The picture that one might take from the two-part documentary is of a country ground down under the heels of clerical power and political authoritarianism. It is a grim, retributive society. But there is a shaft of light, a beacon of hope. In Montrose, courageous producers and determined news executives are pushing against the dark forces that would keep the people in ignorance and subjection.
The powers-that-be strike back at these subversions, unconscionable within a State-controlled corporation. Activists are sidelined into light entertainment or sport. Careers are blighted. The broadcasting authority is itself sacked. The struggle forms and re-forms with a new cast of characters as governments and broadcasters come and go. In the end, as with all good screen drama, one is left with a sense of the story continuing, of issues unresolved, of other battles ahead.
This was excellent television, seeking to tell an important story. And, as with anything that Bowman puts his hand to, doing it well. But when television starts televising television it can result in an inward-looking narrative that may not fully recognise a broader context. Battle Station told part of the story of the contest of ideas which more or less shaped modern Ireland. But a viewer of these programmes might be led to think that the contest can be defined simply as a struggle between television and government. It was, of course, much more than that.
“We were questioning government policy, which had never been done before,” veteran presenter John O’Donoghue said in the second part of the documentary, referring to the early 7 Days programmes that so disturbed ministers and the political establishment in general.

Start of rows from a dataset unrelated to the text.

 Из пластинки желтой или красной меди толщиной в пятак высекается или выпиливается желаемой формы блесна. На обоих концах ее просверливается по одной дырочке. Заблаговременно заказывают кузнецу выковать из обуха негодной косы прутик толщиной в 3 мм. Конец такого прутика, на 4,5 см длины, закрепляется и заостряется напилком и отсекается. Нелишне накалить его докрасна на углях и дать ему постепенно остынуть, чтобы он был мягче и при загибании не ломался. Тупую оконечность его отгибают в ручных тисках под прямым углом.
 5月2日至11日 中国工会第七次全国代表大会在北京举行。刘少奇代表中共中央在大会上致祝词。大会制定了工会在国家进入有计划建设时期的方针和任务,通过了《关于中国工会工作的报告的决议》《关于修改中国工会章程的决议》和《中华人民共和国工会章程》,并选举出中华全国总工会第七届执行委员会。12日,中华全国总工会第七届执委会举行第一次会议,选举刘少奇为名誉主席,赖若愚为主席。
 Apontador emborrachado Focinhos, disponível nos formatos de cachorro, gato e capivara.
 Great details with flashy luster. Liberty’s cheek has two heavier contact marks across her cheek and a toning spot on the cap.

I think we know what he meant. And he may have said a bit more that was edited out. But it was not as simple as that. The struggle between those who wanted to silence dissent and criticism and those who believed ideas should be free and should be debated took place on a much wider stage than television alone. The danger of describing the struggle solely in terms of television is to relegate the other forces for change that became active in Ireland in the 1960s and 1970s.

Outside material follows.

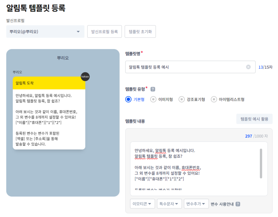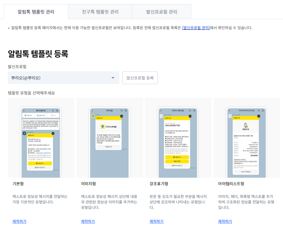 ⑤ 템플릿 등록 (알림톡 필수, 친구톡 선택)
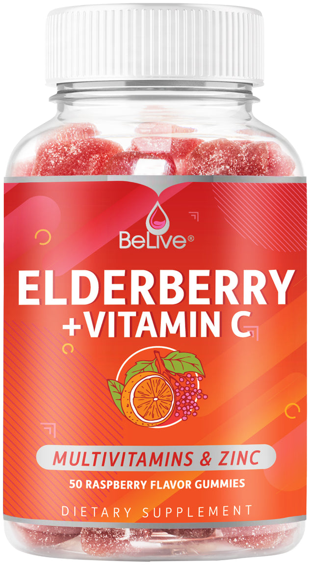 Belive Elderberry Gummies with Vitamin C – Double Strength Elderberry with Immune Boosting Vitamin D, B-Complex, and Zinc - Raspberry Flavor (50 Count)

There was a vibrant, challenging journalism in the Dublin newspapers, led by editors such as Douglas Gageby, Louis McRedmond and Tim Pat Coogan. There were courageous, outspoken theologians and priests such as James Mackey and James Good. Clear- minded analysts such as Basil Chubb, David Thornley and Brian Farrell sought to bring “political science” to bear on issues that had been smothered in rhetoric. Liberalising judges such as Brian Walsh and Cearbhall Ó Dálaigh promulgated a fresh, contemporary interpretation of the Constitution.
It was John Healy in the Sunday Review and later in The Irish Times who abandoned the reverential tones in which parliament had been reported. It was political correspondents such as Michael McInerney and Michael Mills who introduced a new, challenging style of political coverage, questioning policy, disparaging poor performance and spotlighting ministerial sleight-of-hand.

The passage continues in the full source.